Он был удивительно красив с его матово-белым цветом лица арабских горожан и с их немножко небрежным изяществом манер; но в выражении его лица читалась глубокая грусть.
Он садился всегда на одном и том же месте и, устремив глаза в голубую бесконечность ночи, начинал петь так, как певали когда-то его предки под небом Андалузии. Медленно и певуче подымался его голос и разносился в воздухе, как плач разбитого сердца.
Больше всего нравилась ему, по-видимому, эта, самая мелодичная из его песен:
«Безысходная грусть сжимает мне душу и наполняет ее тоскою. Она давит мне сердце, как могила давит тело и убивает его. От этой грусти нет лекарств, ее не исцелит даже смерть, потому что и позднее, когда моя душа пробудится для другой жизни, — моя грусть снова возродится в ней».
Что эта была за неисцелимая грусть, на которую жаловался странный певец? — об этом он не говорил никогда.
Но его голос был чист и приятен, и, слушая его, я в первый раз поняла всю чарующую прелесть старинной арабской музыки, приводившей собою в восхищение много других печальных душ раньше моей.
Иногда молодой мавр приносил с собою маленькую свирель, на которой играют пастухи и верблюжатники-бедуины. Этот легкий тростник, казалось, сохранил в себе серебристое журчание возрастивших его ручьев.
До поздних часов, в то время, как мусульманский Тунис спал, опьяняемый ароматами, незнакомец изливал таким образом в пении и вздохах свою тоскующую душу.
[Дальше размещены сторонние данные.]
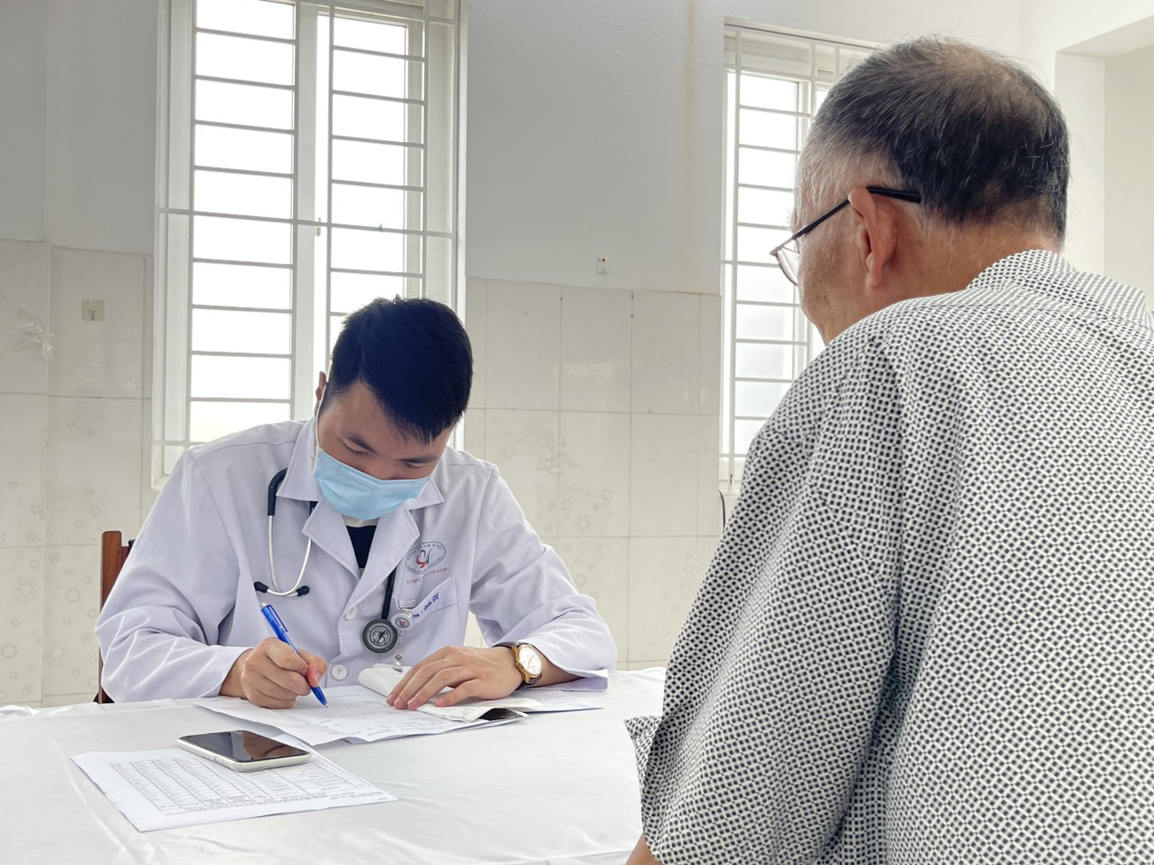 Các bác sĩ trẻ thuộc Bệnh viện Tim Hà Nội khám, tư vấn sức khỏe cho các đối tượng chính sách trên địa bàn huyện Đan Phượng.

Затем бесшумно, точно привидение, он подымался с камня и исчезал в тени двух маленьких комнат, соединявшихся, вероятно, с другими развалинами.
Бывшая раба, Хадиджа в течение сорока лет жила в самых знаменитых семьях Туниса и на своих коленях воспитала не одно поколение молодых людей. Однажды я подозвала ее и показала ей ночного музыканта. Суеверная старуха покачала головою:
— Я не знаю его… хотя хорошо знаю всю молодежь, принадлежащую к лучшим семьям города.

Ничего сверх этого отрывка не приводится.